Tuesday, August 17, 2010

Eureka Prize Winner announced for Innovation in Computer Science 2010

This evening Professor Peter Stuckey from the Department of Computer Science and Software Engineering at the University of Melbourne was announced as the winner of the inaugural Google Australia Eureka Prize for Innovation in Computer Science. Robotics pioneer, Prof Rodney Brooks, presented the prize.

Professor Stuckey was awarded the prize for his development of Lazy Clause generation, a software method for combinatorial optimisation which solves mathematical challenges of resource allocation significantly faster than any other existing method. Professor Stuckey's innovation will have great benefit for solving big problems in society at lower cost from the classic Travelling Salesman Problem (every CS grad will remember this one - given a list of cities and the distance between every combination of cities, the task is to find the shortest possible tour for a salesman wishing to visit each city only once) through to train timetables, water usage allocation, and hospital staff rosters.

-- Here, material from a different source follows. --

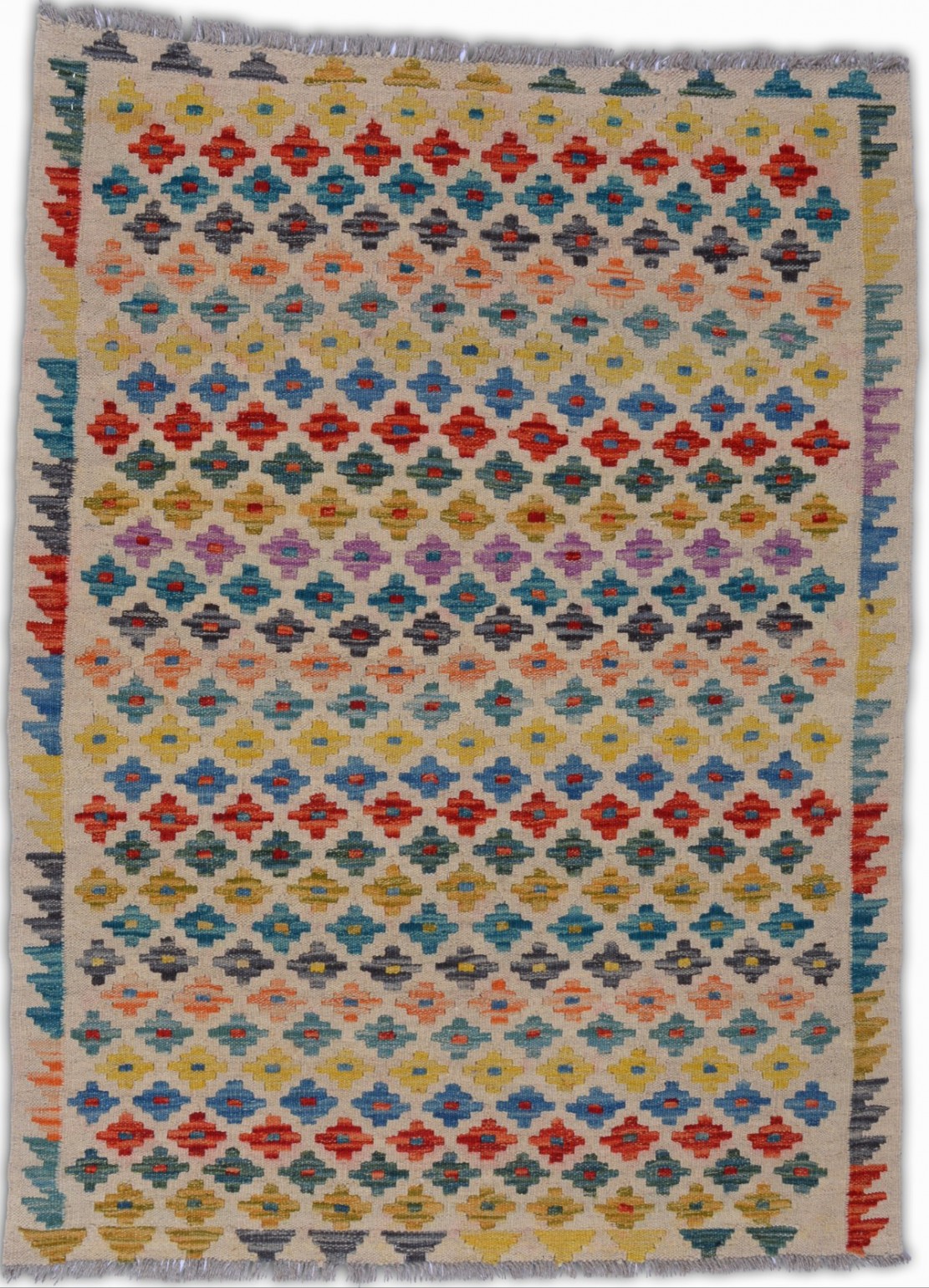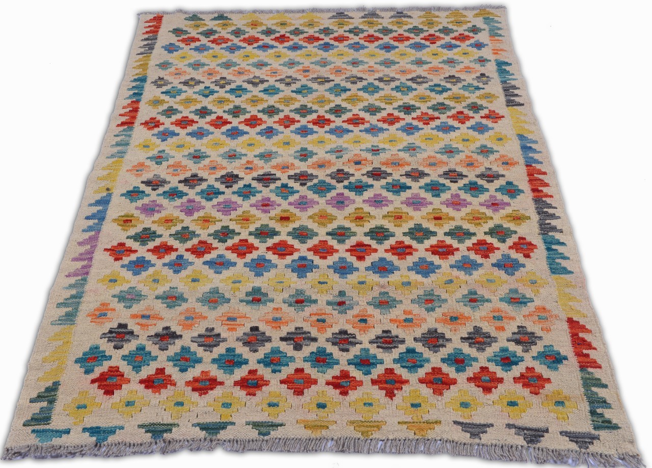 Hand Woven colorful Kilims uses vegitable dyes and handspun wool. Morrocan style pattern makes them a great option when you need a little character.

Professor Stuckey was joined at tonight's Eureka Prize dinner by finalists who submitted excellent entries:
  • Associate Professor David Moss, University of Sydney, for his invention of a laser optical source with multiple wavelengths that can be used to transmit information optically over existing silicon (CMOS) integrated circuits.
  • The Cloudbus Project from the University of Melbourne, which has developed architectural principles and software technologies that enable high-performance, scalable, and energy-efficient Cloud computing.
I would like to thank all the people and teams who entered the prize and to congratulate Professor Stuckey for his work.

Google Australia is delighted to sponsor the Eureka Prize for Innovation in Computer Science. We're passionately committed to promoting innovation in computer science here in Australia and we believe that the impact of computer science creates great benefits for society.